§ Information:
_ _ _ _ _

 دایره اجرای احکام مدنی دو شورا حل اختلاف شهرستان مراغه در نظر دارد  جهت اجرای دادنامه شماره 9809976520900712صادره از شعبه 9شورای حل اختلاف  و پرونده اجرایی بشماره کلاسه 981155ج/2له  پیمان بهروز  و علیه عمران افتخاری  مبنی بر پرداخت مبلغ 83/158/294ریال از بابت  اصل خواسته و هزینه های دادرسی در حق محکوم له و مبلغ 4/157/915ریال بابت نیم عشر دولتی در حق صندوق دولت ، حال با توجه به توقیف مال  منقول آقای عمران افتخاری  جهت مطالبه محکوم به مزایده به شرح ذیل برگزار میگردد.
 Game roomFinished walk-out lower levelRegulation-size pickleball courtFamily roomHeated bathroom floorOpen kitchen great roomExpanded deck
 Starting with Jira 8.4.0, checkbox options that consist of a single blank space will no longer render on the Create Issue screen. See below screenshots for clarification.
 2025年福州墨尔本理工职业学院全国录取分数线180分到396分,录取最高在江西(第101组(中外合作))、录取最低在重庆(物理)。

_ _ _ _ _

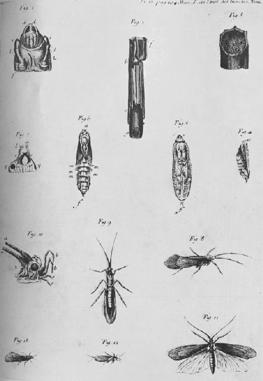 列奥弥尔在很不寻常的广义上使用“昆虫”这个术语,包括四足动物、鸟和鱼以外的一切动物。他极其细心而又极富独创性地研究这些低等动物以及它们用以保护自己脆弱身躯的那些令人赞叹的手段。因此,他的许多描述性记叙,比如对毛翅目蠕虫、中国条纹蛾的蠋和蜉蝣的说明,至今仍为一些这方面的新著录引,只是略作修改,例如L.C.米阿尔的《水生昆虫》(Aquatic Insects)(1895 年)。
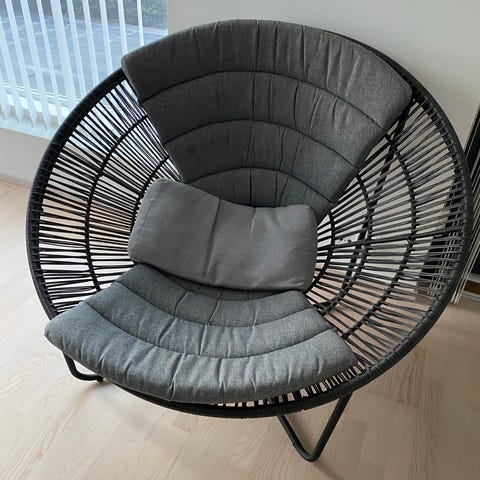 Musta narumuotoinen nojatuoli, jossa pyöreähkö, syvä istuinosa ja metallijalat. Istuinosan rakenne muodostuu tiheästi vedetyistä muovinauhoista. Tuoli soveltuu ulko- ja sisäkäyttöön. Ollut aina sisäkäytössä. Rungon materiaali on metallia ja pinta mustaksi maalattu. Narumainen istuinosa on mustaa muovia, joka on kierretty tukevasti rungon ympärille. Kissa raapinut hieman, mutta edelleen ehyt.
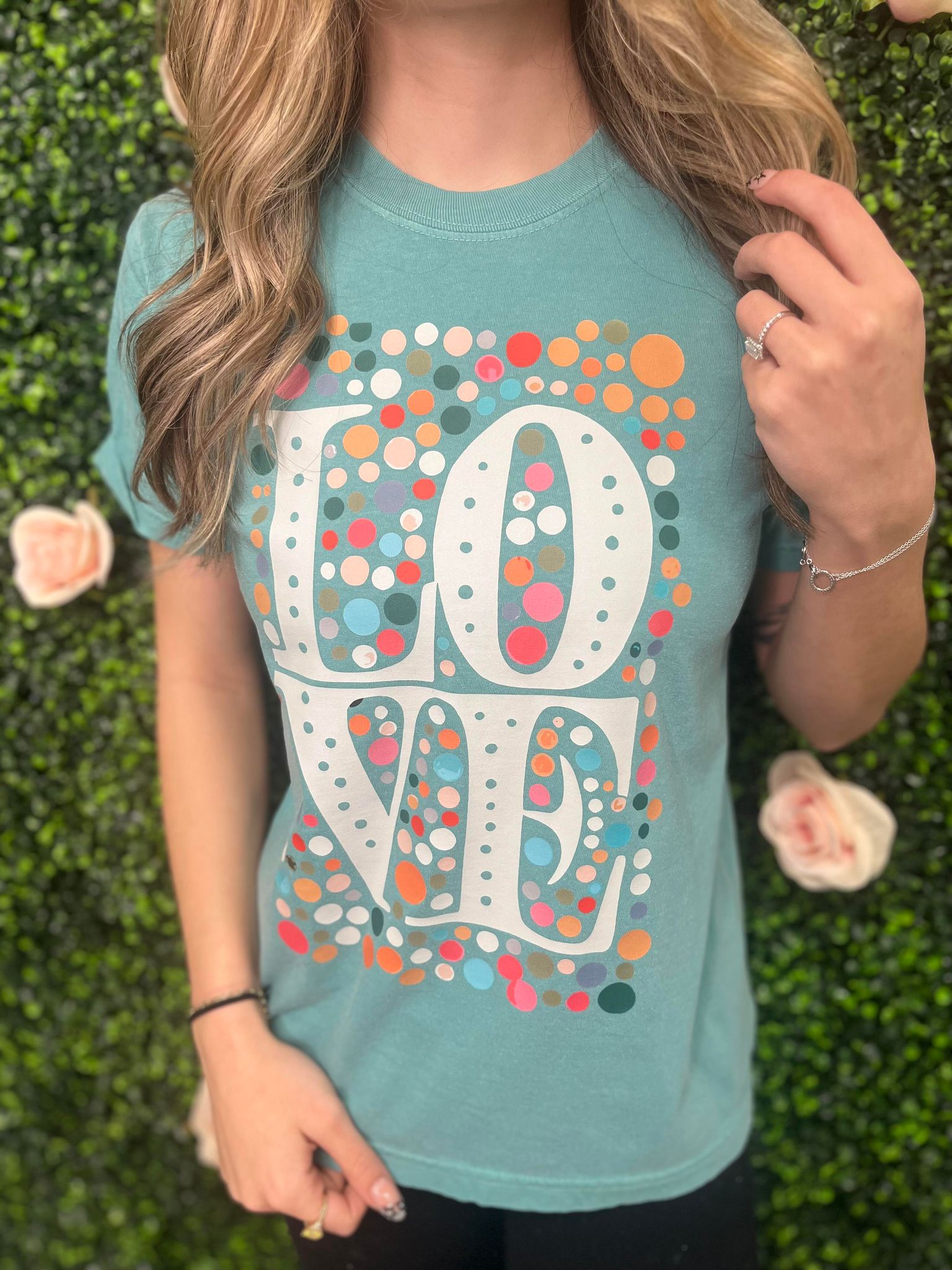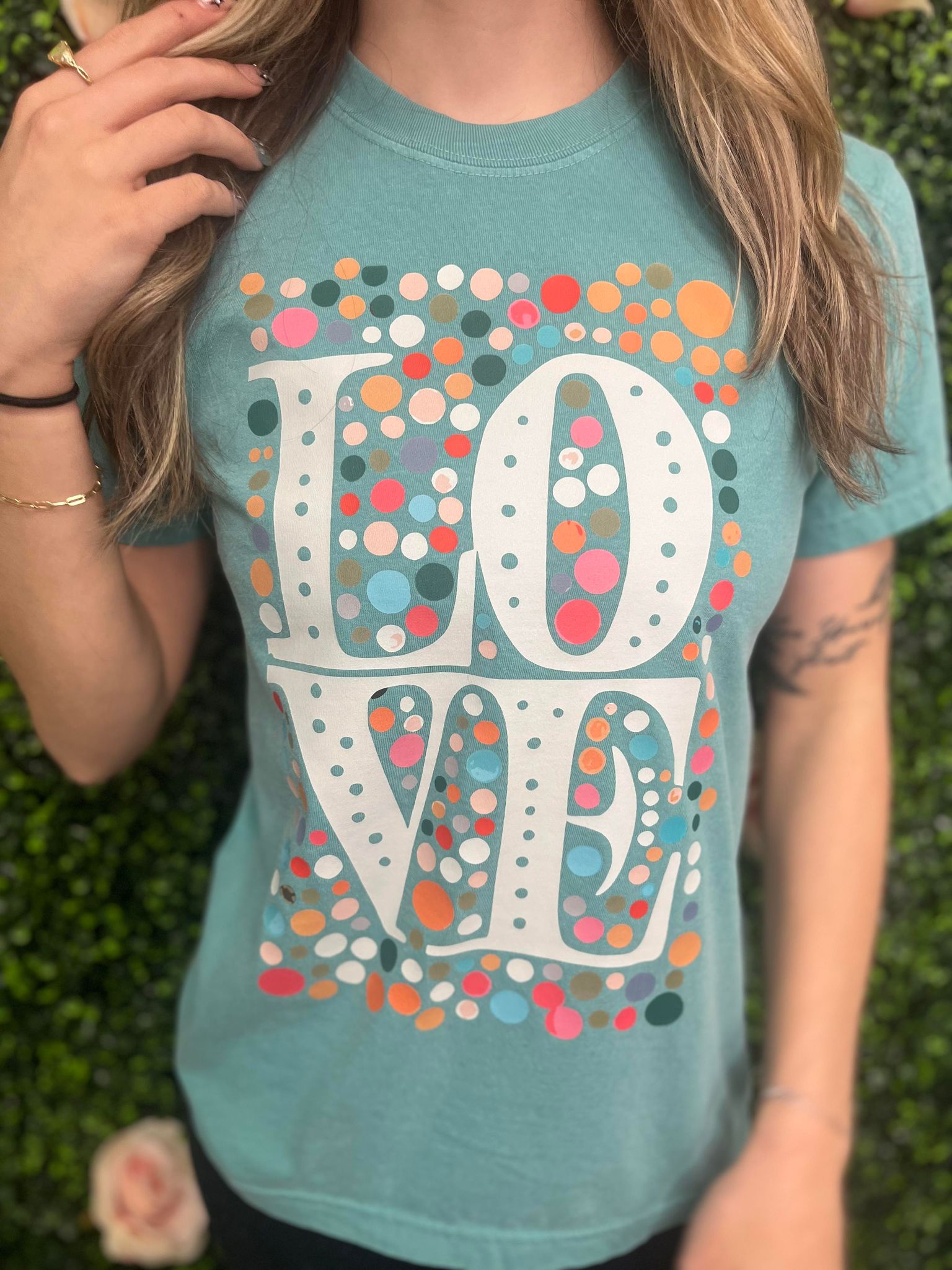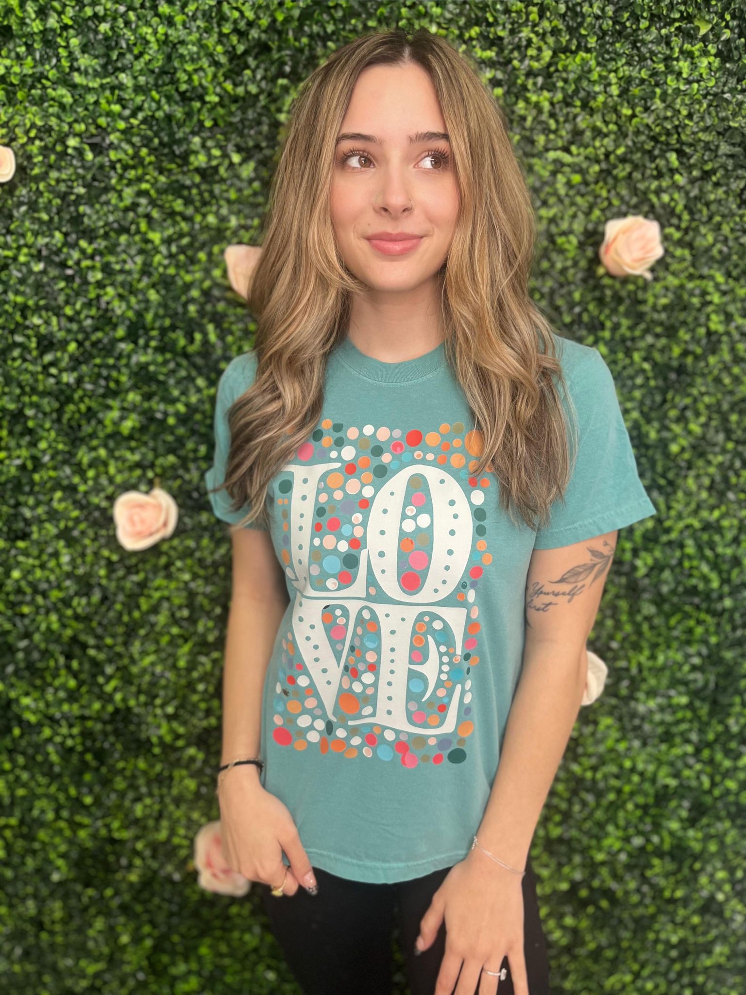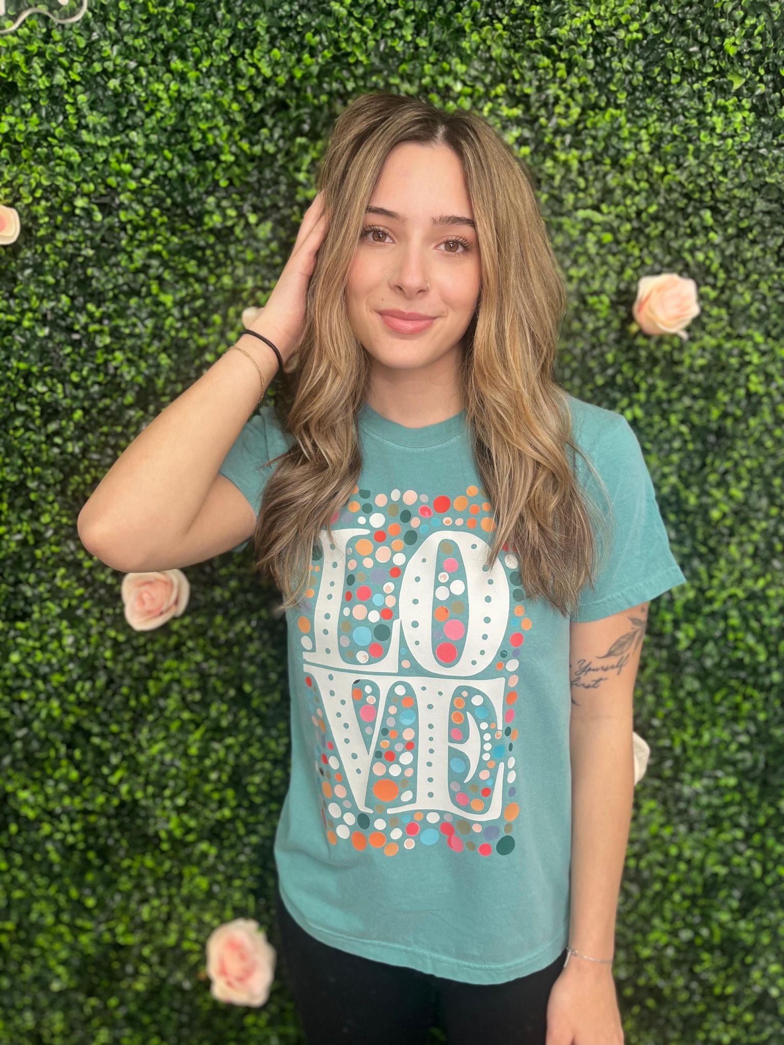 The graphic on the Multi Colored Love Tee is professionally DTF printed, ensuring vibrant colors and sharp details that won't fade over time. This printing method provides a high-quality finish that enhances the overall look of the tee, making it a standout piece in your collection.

_ _ _ _ _

§ Exercise: In the listing above, find the line containing "Starting with Jira" and the line containing "2025年福州墨尔本理工职业". Output them and every line between, exactly, and nothing else.

§ Reply to the task:
 Starting with Jira 8.4.0, checkbox options that consist of a single blank space will no longer render on the Create Issue screen. See below screenshots for clarification.
 2025年福州墨尔本理工职业学院全国录取分数线180分到396分,录取最高在江西(第101组(中外合作))、录取最低在重庆(物理)。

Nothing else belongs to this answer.